Pourtant, quelque chose nous retenait encore. Était-ce de la peur, de la pudeur ou une simple hésitation ? Malgré notre motivation commune, une question demeurait entière: comment choisir l'heureux élu ?
Sur quels critères ?
Devait-ce être un ami ou un parfait inconnu ?
Perdus, mais résolus à franchir le pas, nous nous étions inscrits sur plusieurs sites de rencontre.

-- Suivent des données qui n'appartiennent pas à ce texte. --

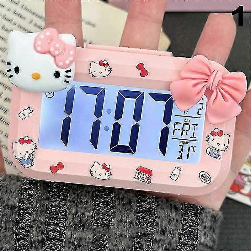 Hello Kitty Alarm Clock, Cartoon Mini Kitty Cat Glow-in-the-Dark Alarm Clock for Kids, Dormitory Desktop Decor, Student Alarm Clock

Chacun de notre côté, nous menions nos recherches, mais sans succès. Finalement, je lui ai suggéré de regarder du côté de nos connaissances. Je l'ai poussée à explorer notre entourage, proche ou lointain, mais elle ne semblait trouver personne. Cela m'agaçait un peu; je voulais tellement la voir comblée par un autre homme à mes côtés. Ce n'était pas un manque de confiance en mes capacités, mais un désir profond de vivre cette expérience ensemble.
J'ai fini par lui proposer plusieurs noms. Rien ne lui plaisait, jusqu'au moment où j'ai prononcé un nom en particulier.
Là, je l'ai vue rougir comme rarement.
- C'est le mari de mon amie, a-t-elle murmuré. Il n'acceptera jamais, et elle encore moins.
- Elle n'est pas obligée de le savoir, ai-je rétorqué. Et lui... vu la façon dont il te dévore du regard, je parierais qu'il ne dirait pas non.
- Comment ça, il me regarde ? - Oh, ma chérie... il te déshabille des yeux. Il te dévore. Je l'ai surpris plus d'une fois en train de contempler tes courbes.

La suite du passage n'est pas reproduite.